Some claim that Jeroen Dijsselbloem, President of the Euro Group, “unlike others who speak without saying anything is one who says things how they are.” Others suspect that this is true but that he doesn’t understand how things are. Yesterday the new head of the Euro club and the Dutch Finance Minister made the markets crash because they had taken a turn for the better after the agreement to save Cyprus because he candidly replied to a difficult question. “Do you think this is a model?” a journalist from Reuters asked, looking for a comment on the agreement. “What we did last night (Sunday – editor’s note) is what I call throwing out risk,” Dijsselbloem replied. Forgetting to say what made him say, hours and hours later to his spokesperson that “Cyprus is a specific case and there are no fixed models in existence.” In any case the markets crashed because of the idea, validated by the following long interview that from now on will be possible to resolve the crisis from Brussels by closing banks far away and making withdrawals from bank accounts. As long as you are talking about Cyprus with an exposure of some billion, maybe about 20 – maybe it’s even ok, but to transport the same system in Italy for example where the billions in the accounts are hundreds – that’s a different situation.

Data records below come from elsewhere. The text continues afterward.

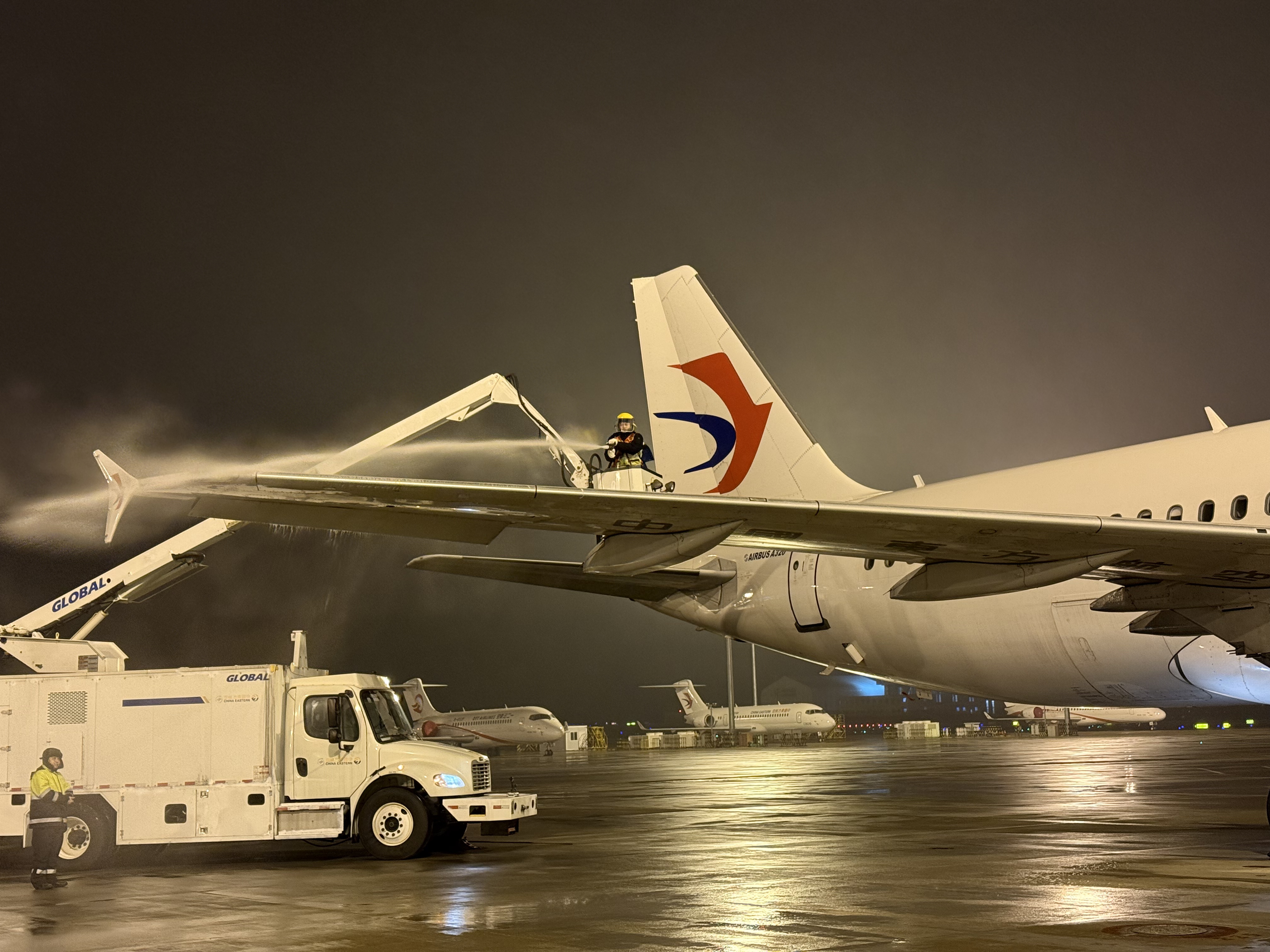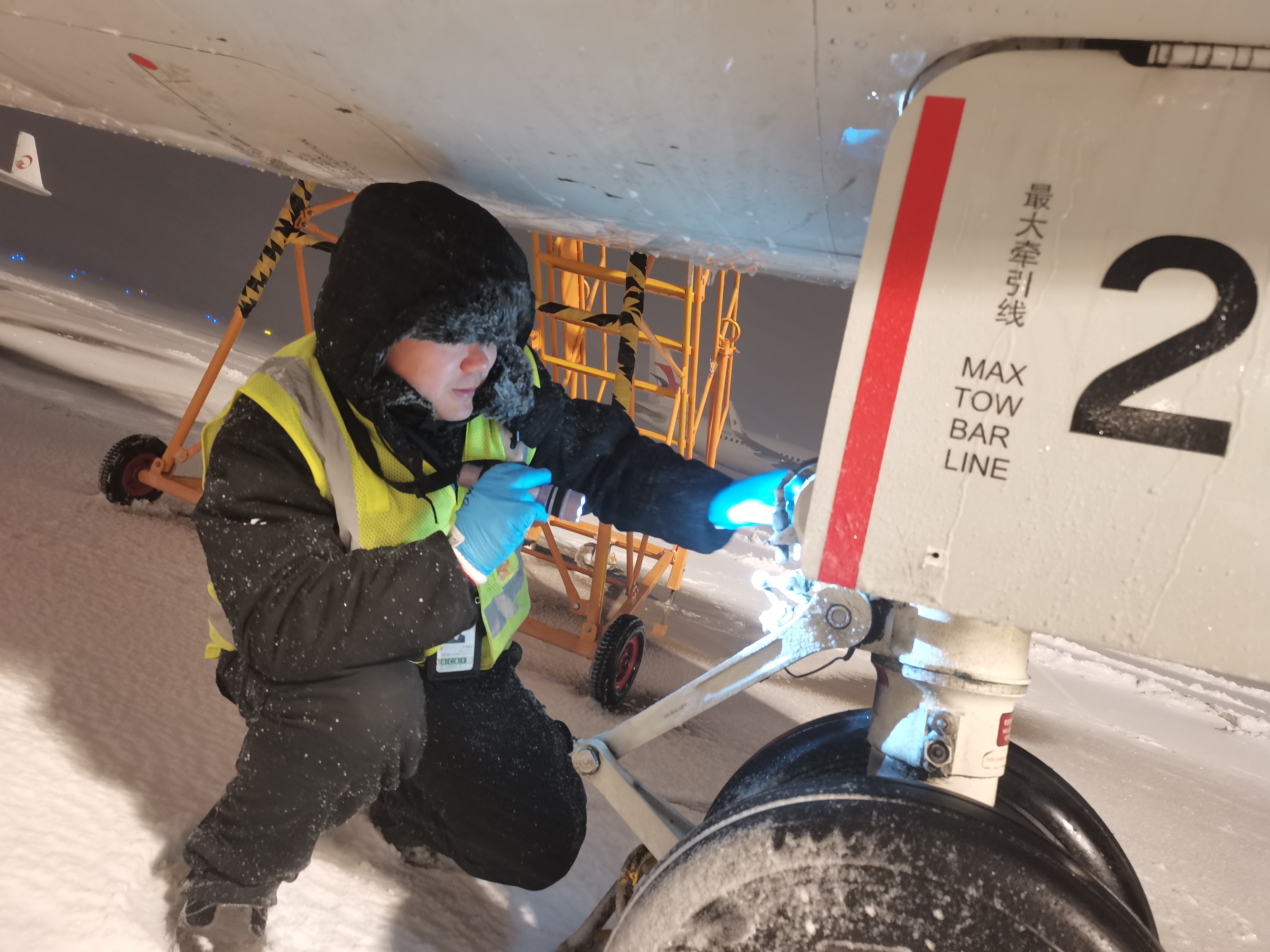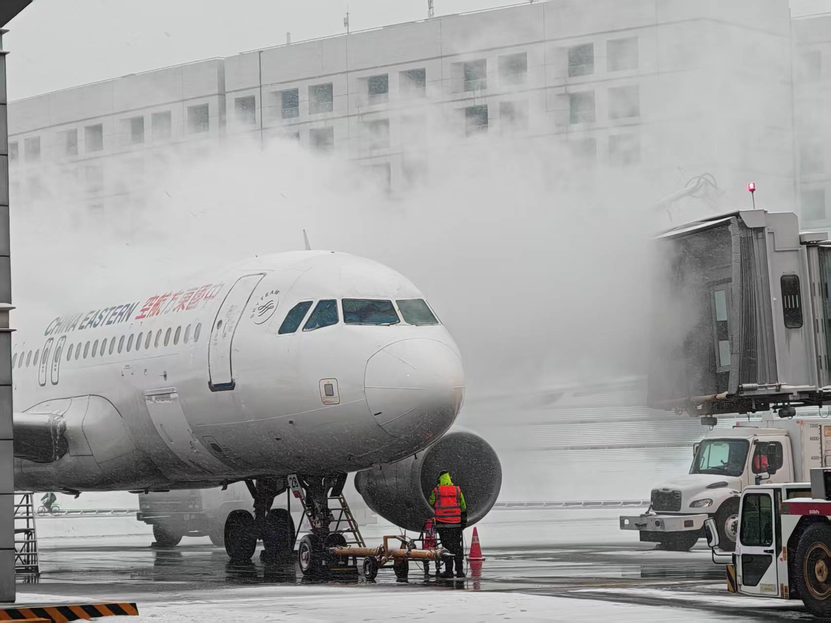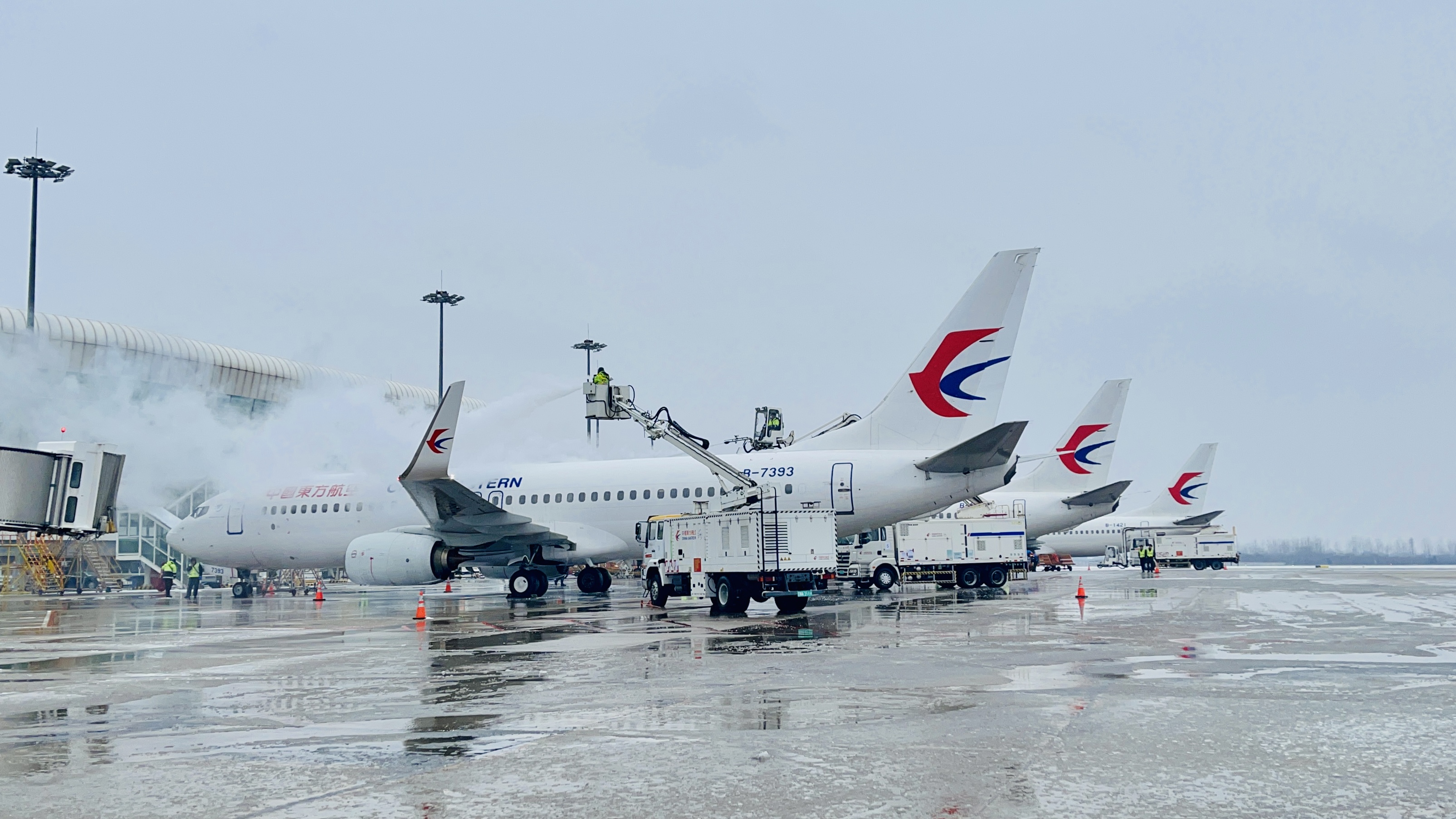东航机务系统加强一线力量,重点做好航空器除防冰工作,确保飞机适航安全。东航技术浦东维修基地在寒潮来临前夕就已提前部署就位了除防冰设施设备、开展了人员冬季运行培训,并特别加强对飞机轮胎、舵面、发动机等关键零部件的检查。20日上午,上海迎来今冬首场降雪,截至11时,虹桥、浦东机场已高效完成飞机除防冰作业134批次,保障航班起降323架次,航班运行整体平稳顺畅。
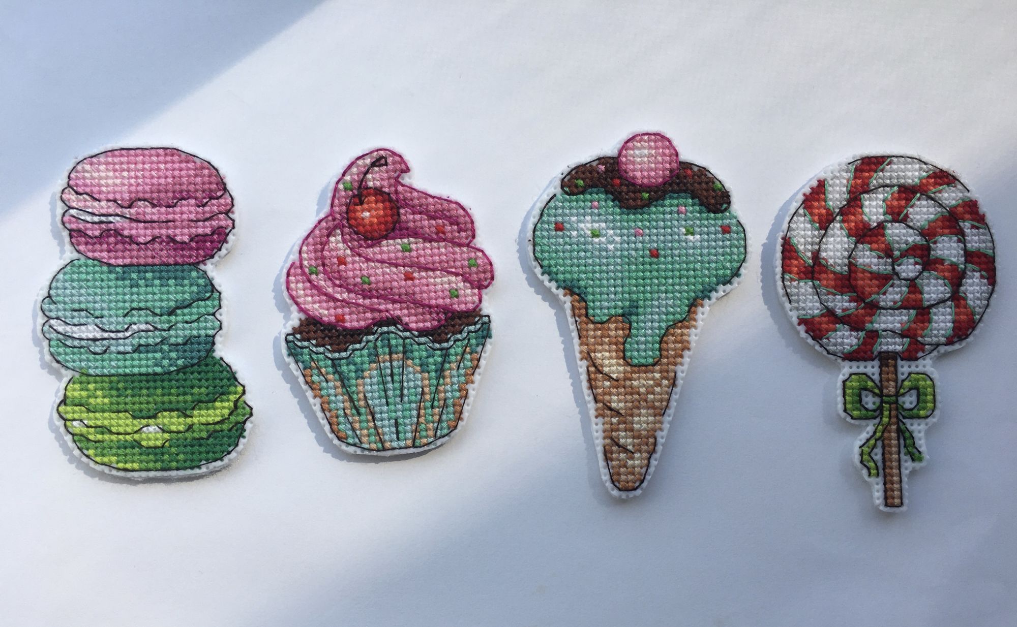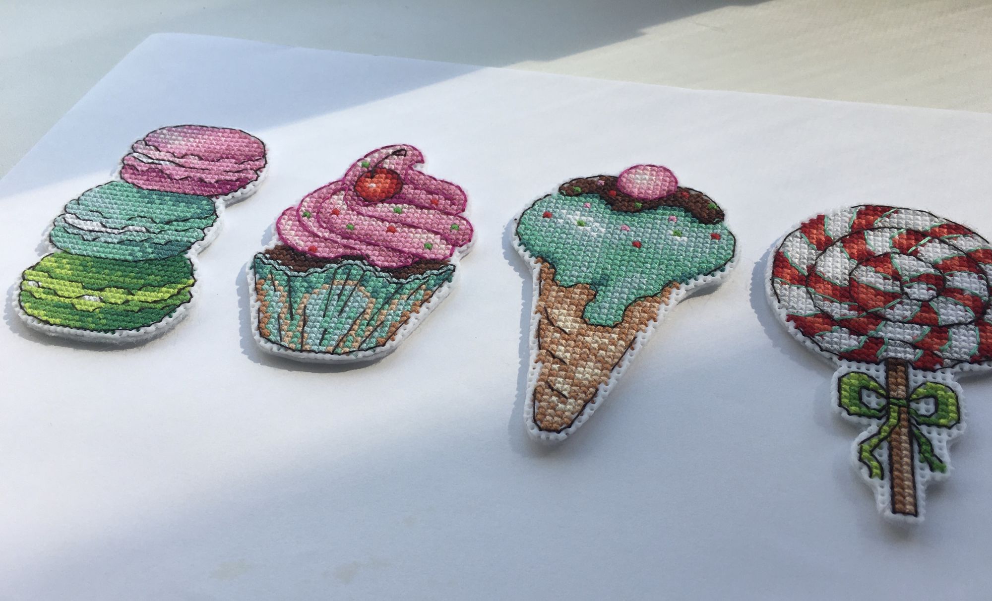 8 июля 2022 Пару дней отдохнула на магнитах от Жар-Птицы МП Студия (Жар-Птица) арт. Р-272 «Сладости для радости. Магниты» Такой потрясающе сладкий дизайн! Цвета ниток ми ми ми и сладости получаются красивые, жаль на фото яркости ниток не видно. Ниток осталось ещё на один отшив, так что буду ещё вышивать все 4 сюжета на равномерке)))) По саге шьётся как отдыхалочка и бэк не напряжный! Думала, что леденец на палочке будет вышиваться не интересно и муторно, а он к меня вылился быстрее всего и бэк «проложился» сам собой, играючи! Гало4ка, Хозяйка смешных зверей, ЛАДОМИРА и 2 других сказали спасибо Поделиться сообщением Ссылка на сообщение
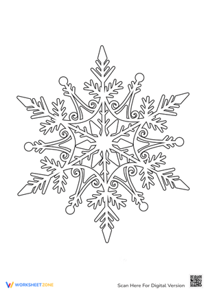 Explore the captivating symmetry of a delicate snowflake with this intricate coloring page. Perfect for a relaxing winter activity.
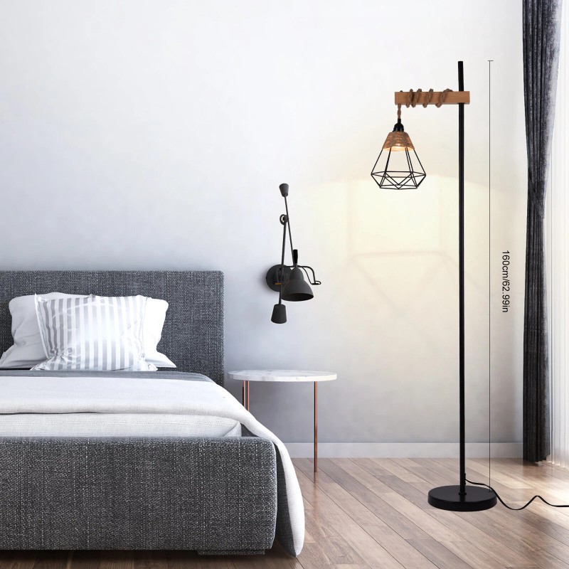 Floor Lamp Standing Reading Light Rattan Lampshade Height Adjustable+Foo
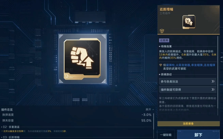 第四插件应依据副本类型动态调整:面对大量小怪密集分布的关卡,选用【百万伏特】可触发范围电击效果,实现高效群伤;而专精单体高难目标(如阶段型BOSS)时,【亲密距离】能进一步强化贴脸伤害系数,提升单点爆发阈值。
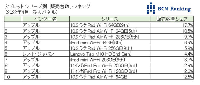 シリーズ別の販売台数シェアランキングでは、トップテンの内で9シリーズをiPadが占めた。首位は「10.2インチiPad Wi-Fi 64GB(第9世代)」。「10.9インチiPad Air Wi-Fi 64GB」「10.9インチiPad Air Wi-Fi 256GB」が続く。iPad以外では「Lenovo Tab M10 HD(2nd Gen)」が6位にランクインしている。(BCN・大蔵 大輔)
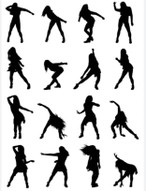 Silhouette snap shots, combined in a quilt of images.
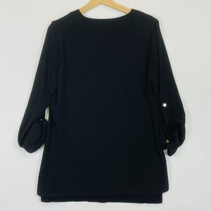 Michael Kors Black Sheer Chiffon Lined Long Sleeve Roll Tab Top. Gold metallic accents. Womens 6.
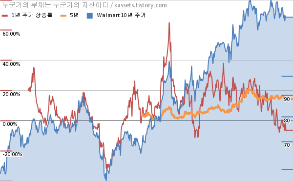 - 포스팅일 기준, 월마트의 1, 3, 5, 10년 연평균 주가상승률은 0.39%, 11.74%, 13.92%, 8.94%이다.
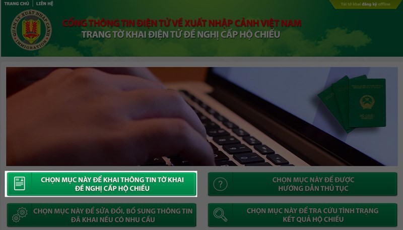 Các bạn vào website Cổng thông tin điện tử về xuất nhập cảnh Việt Nam có địa chỉ tại đây. Sau đó bấm vào mục Dịch vụ công trực tuyến nằm ở bên tay trái, tiếp tục nhấn vào Chọn mục này để khai thông tin tờ khai đề nghị cấp hộ chiếu.
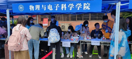 10月09日,湖南师范大学物电院迎来了2022级研究生新生。迎新点设立在湖南师范大学五舍广场,新生报到工作由学院科研办组织,院研究生会以及志愿者执行。志愿者们充分发挥不怕苦不怕累的精神,迎着寒风,冒着小雨,维持报到现场的秩序,严查新生的健康码、返校二维码、外省返校新生的48小时内核酸检测结果和核对新生信息准确性,耐心热情的为新生答疑解惑、搬运行李、指引大家进入寝室,报到过程高效流畅。期间,罗嵘书记、唐东升院长、欧阳钢副院长、科研办主任唐湘云老师和科研办姚顺老师来到迎新现场指导工作,慰问参与迎新的工作人员和志愿者,并向前来报到的新生表示欢迎和问候。
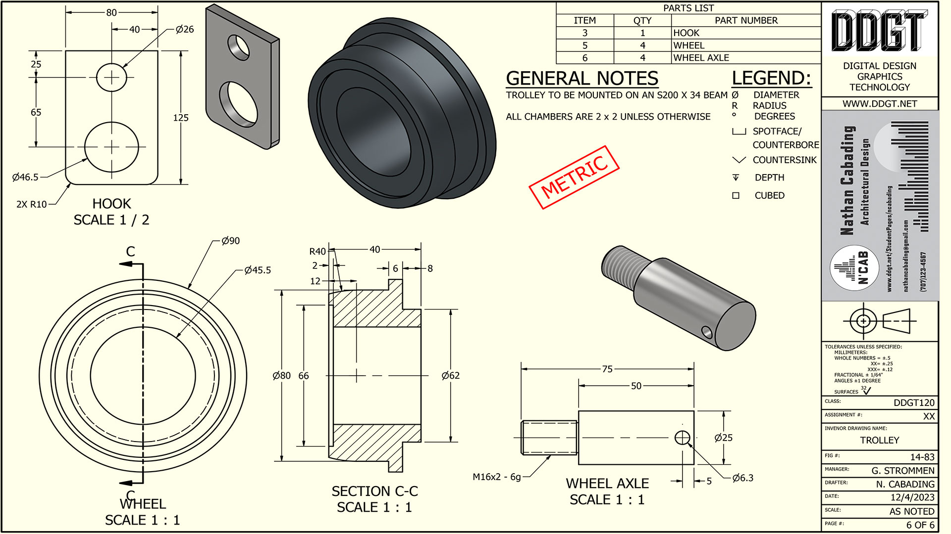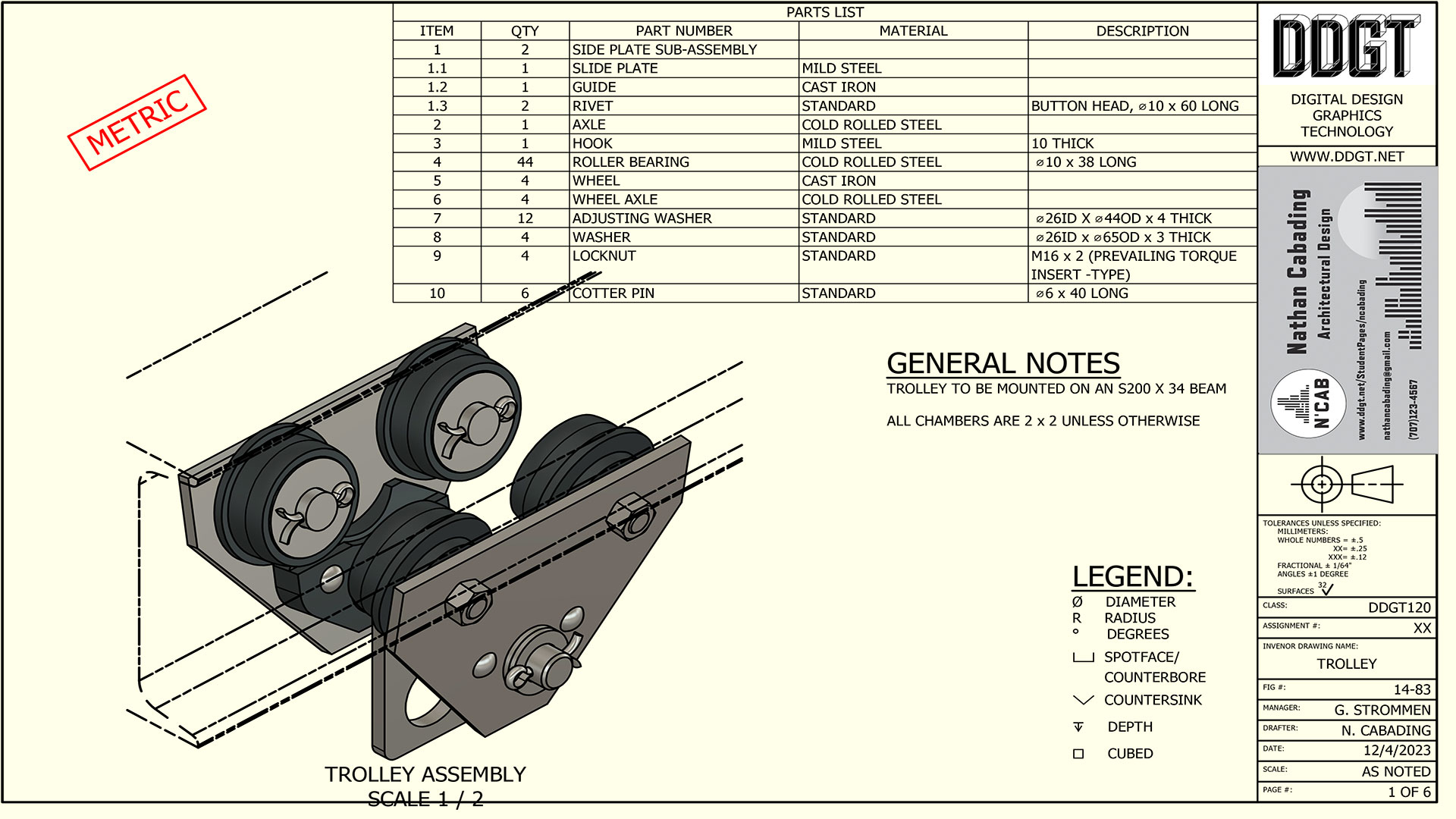 This is the 14-83 Trolley Assignment that was completed in Inventor. This assignment contains multiple parts that creates one big assembly. This was one of the more challenging assignments due to how organized the multiple parts have to be to make it a working drawing. This assignment taught me how to be patient with myself and to be resourceful. |

Dijsselbloem’s problem isn’t that he is young; he is 47 years old, only 4 less than his predecessor Jean-Claude Juncker when he assumed office. His problem is not that he comes from a small country because his native Holland has about 35 times the population of Juncker’s Luxembourg. Not even, looking, the matter is that somebody wanted him. “The job belonged to a Dutchman,” they explain in Brussels, for many reasons; because they needed someone from a “sound” country, because a German was not right, because anyway a person from an “average” country is better. The trouble is there in Holland today the Finance Minister is a graduate of Agricultural Economy (incidentally his name contains the word “flower” in Dutch) not an Economist. And he is one who, before last November had never been a minister, loves to raise pigs in his country home and does not speak French (something that in Brussels is still considered a serious lacuna).
Yesterday was his second (if not third) serious slip up. Not a great record in just a few weeks. The first was to sanction an agreement that calls for all Cypriot bank accounts, even those under the 100,000 Euro threshold protected by an EU directive, should be subject to a forced withdrawal. An uncouth agreement, so “simple” that in fact, it did not hold and was rejected by the Nicosia Parliament without even a vote in favor. Then Dijsselbloem with his perfect English and his rather sought-after look went to the European Parliament to say that “if there is someone responsible for this decision it is me; I should have impeded him,” staying in his place nonetheless. Then he even added that “it is true that this choice undermined faith but the debate between ministers was stronger than the market response.” As if to say, yes, we messed everything up but we have so little influence that the markets didn’t even react. This time they wanted to believe him and the reaction was obvious. You don’t always learn from mistakes. And the nostalgia for Juncker in Europe increases. Not that he has a magic wand, on the contrary, but he certainly was less naïve.